Upon the release of the report by the MHW committee in 1995, the MHW organized an internal panel of experts on the abolishment of the Leprosy Prevention Law. This panel, again chaired by Otani, subsequently submitted its report which recommended abolition of the Law, continued provision of public support for existing patients, and the use of the term "Hansen's disease" in place of "leprosy" in laws and regulations.
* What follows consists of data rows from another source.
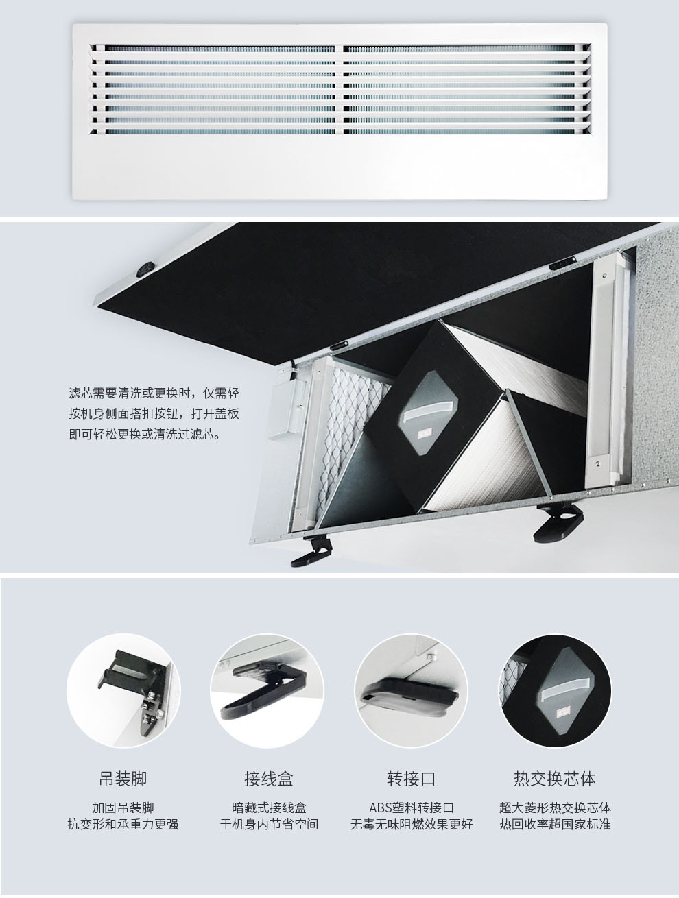 双向冷热交换能量回收技术,整机热交换效率高,均超过国家标准,高效换气率,保证内部结构不窜风。
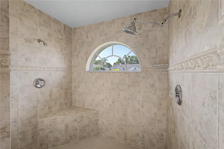 The primary suite is a true retreat, featuring tray ceilings, ceiling fan, built-in speakers, private access to the lanai, and an enormous walk-in closet with attic access. The ensuite bathroom includes dual sinks with separate vanities, a private water closet, linen closet, and a walk-in tiled shower with dual showerheads, seating, and a window for natural light.
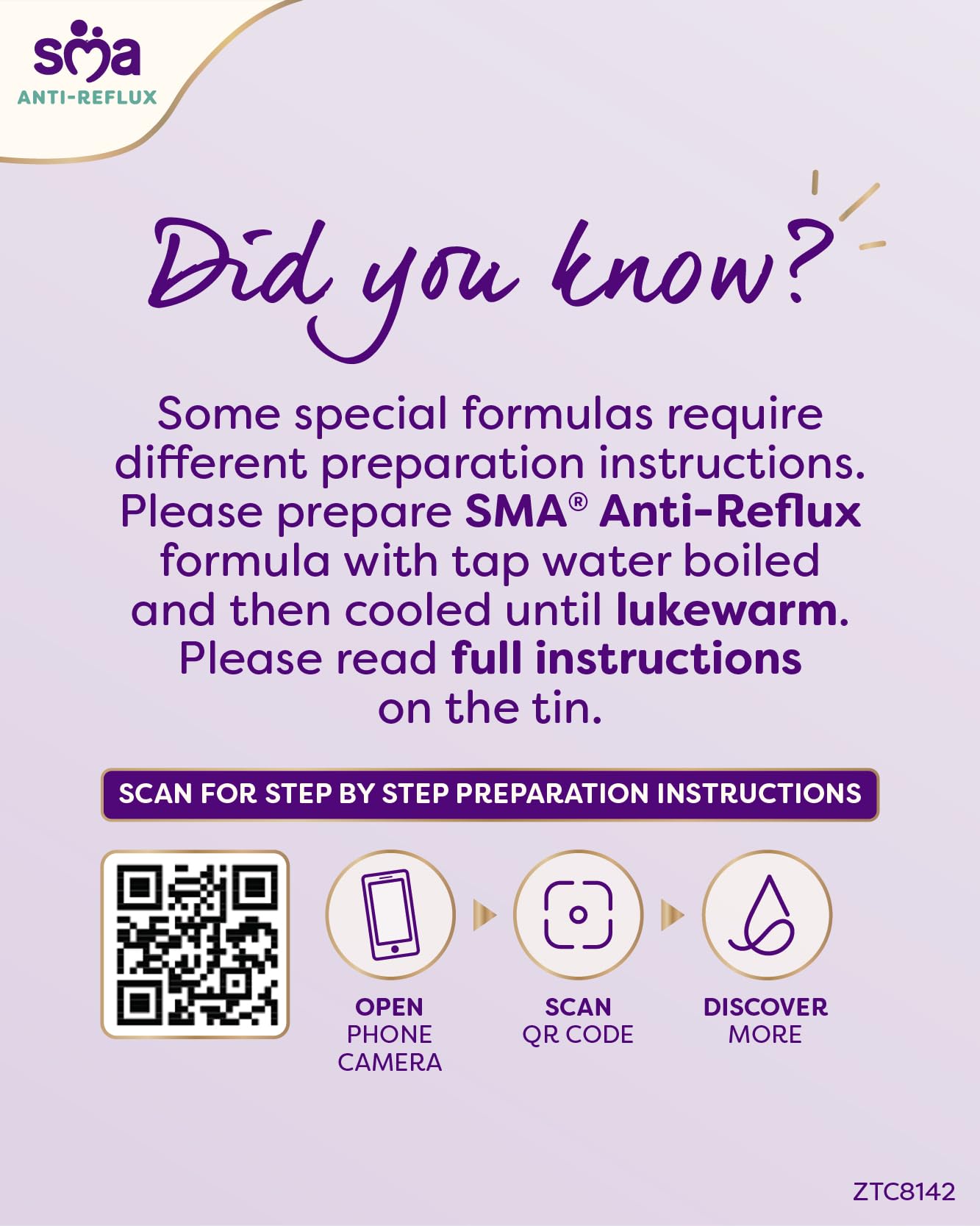 SMA Anti-Reflux Baby Milk Powder is a nutritionally complete formula designed for the dietary management of babies with frequent reflux (regurgitation or spitting up). It can be used as the sole source of nutrition from birth and is suitable for mixing with foods once weaning begins.
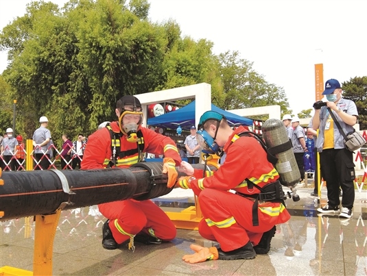 陣陣白煙模擬的是道路中壓燃?xì)夤艿佬孤?,接到?bào)警后,119消防指揮中心第一時(shí)間通過(guò)應(yīng)急聯(lián)絡(luò)系統(tǒng)通知住建部門和燃?xì)馄髽I(yè)到場(chǎng)處置,同時(shí)消防救援力量到達(dá)現(xiàn)場(chǎng)對(duì)泄漏點(diǎn)進(jìn)行處置。接到通知后,中浩燃?xì)夤緭屝藜皯?yīng)急處置人員到達(dá)現(xiàn)場(chǎng),對(duì)泄漏區(qū)域20米范圍內(nèi)進(jìn)行圍擋警戒,并攜帶可燃?xì)怏w檢測(cè)儀對(duì)周邊環(huán)境進(jìn)行檢測(cè),以防人員受傷,保證作業(yè)安全。應(yīng)急處置人員佩戴空氣呼吸器進(jìn)入現(xiàn)場(chǎng),確定漏點(diǎn)及管道尺寸,用膠帶對(duì)漏點(diǎn)進(jìn)行臨時(shí)處理,加裝管道抱卡,臨時(shí)封堵管道?,F(xiàn)場(chǎng)指揮人員根據(jù)處置情況,集結(jié)隊(duì)伍,利用運(yùn)行不停輸維修設(shè)備進(jìn)行管道維修。這一連串的操作下來(lái),泄漏點(diǎn)被及時(shí)修好。負(fù)責(zé)此次演練的內(nèi)蒙古中浩燃?xì)庥邢薰究偨?jīng)理賈鵬程介紹,這套不停輸管道維修設(shè)備,既節(jié)約了成本,又能保證安全供氣,能更好地服務(wù)保障廣大市民群眾。
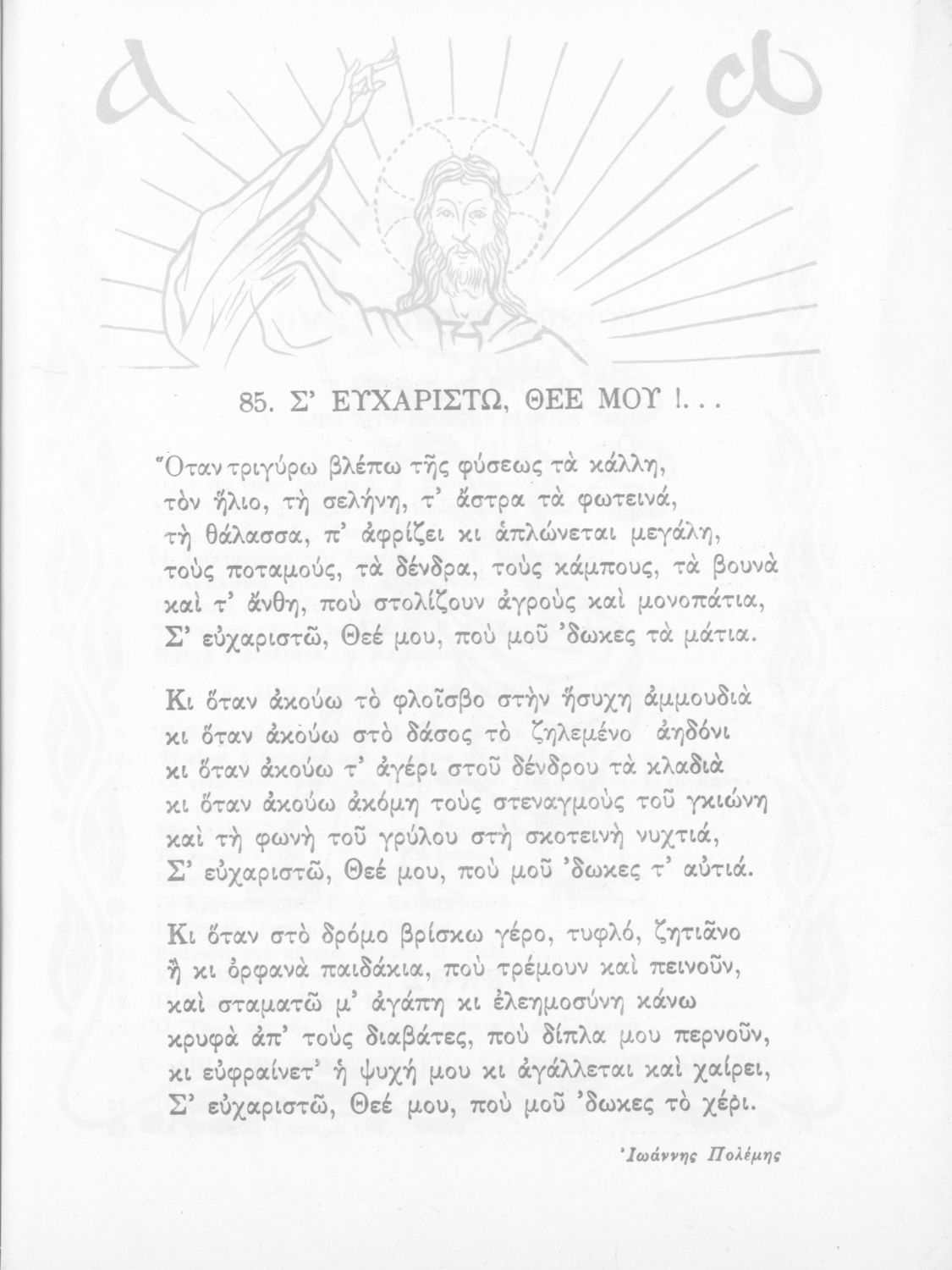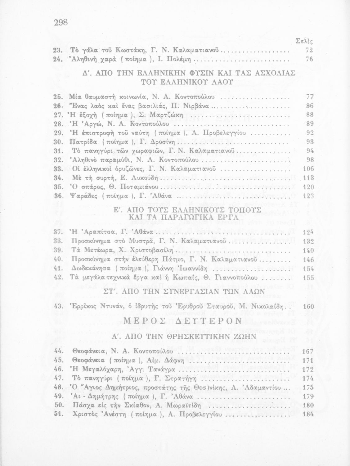 Αναγνωστικό για τους μαθητές της Ε΄ Δημοτικού που περιλαμβάνει ποιήματα και πεζά με θέματα από την οικογενειακή, κοινωνική, πολιτιστική και ιδιωτική ζωή των Ελλήνων, τη φύση, την ιστορία και την θρησκεία τους.
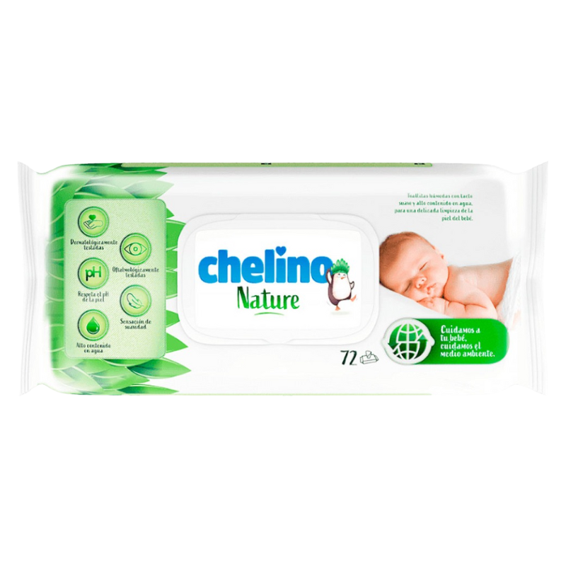Las toallitas Chelino Nature® tienen un alto contenido en agua, elementos que respetan el pH de la piel del bebé y ofrecen sensación de suavidad.
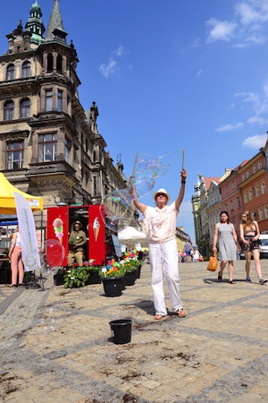 Gdy kiełki nam się skończyły, co dość szybko miało miejsce, zaczęliśmy konkursy z nagrodami, w których można było wygrać zestawy do robienia baniek, kwiatki oraz lody od naszych znajomych - Lodziarni Papa Marco. Nie tylko dzieci chętnie odgadywały ziołowe zagadki, ale także puszczały z nami bańki mydlane. Najwięcej chętnych przyciągną rzut klapkiem Lemigo do celu. Dużo Pań miało z tym problem, choć myśleliśmy, że po tylu latach wychowywania mężów i dzieci, rzut przysłowiowym „papciem” będzie błahostką. Niestety rzut lekkim klapkiem z pianki EVA, był wyzwaniem i grono osób odchodziło zawiedzionych, bez pysznej gałki lodów.
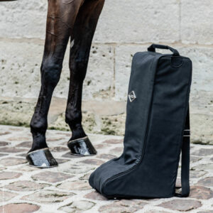 The bag is generously designed in terms of its size and can store boots up to size 51 (EU size). Internally, there is also a divider too so the boots don’t rub or damage each other. To the side of the bag there is also an additional small pocket so you can also store extra items like spurs or other small accessories. The long side pocket can also be used to store a whip. On the top of the bag, the handle and adjustable strap design also ensures the bag can be carried easily.
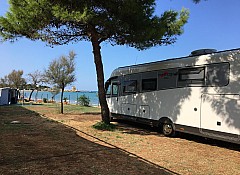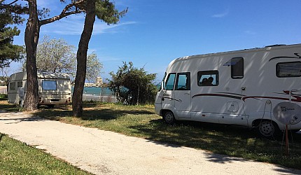 Le piazzole 1a fila zona A sono situate fronte mare dotate di allaccio alla corrente elettrica di 10 ampere ombreggiate dove presente solo con alberi, non sono presenti ombreggianti artificiali, accesso a pochi metri per la spiaggia, nella zona A è presente la zona Servizi bagni /docce e lavatrice a gettone e Camper Service.

Finally in 1996, the "Act to Abolish the Leprosy Prevention Law," drafted by the MHW, was passed. It abolished the 1953 Law and at the same time codified the government's responsibility to provide existing HD patients with continuous medical and other social services. It was also provided that patients could either leave the leprosaria or stay there as long as they wished, and that those who decided to come back to the leprosaria after their discharge could be readmitted.
At the time of the abolition of the old law, there were 5,413 patients in leprosaria, whose average length of stay was more than 40 years and whose average age was 72 years old. Only six of these patients actually left their leprosaria in the following two years. In response to lawsuits filed in the late 1990s, in 2001 the court awarded financial settlements to those who had been isolated under the earlier laws. The awards amounted to between $65,000 and $114,000 per person depending on the degree of suffering. Additional pay to the workers at leprosaria was preserved.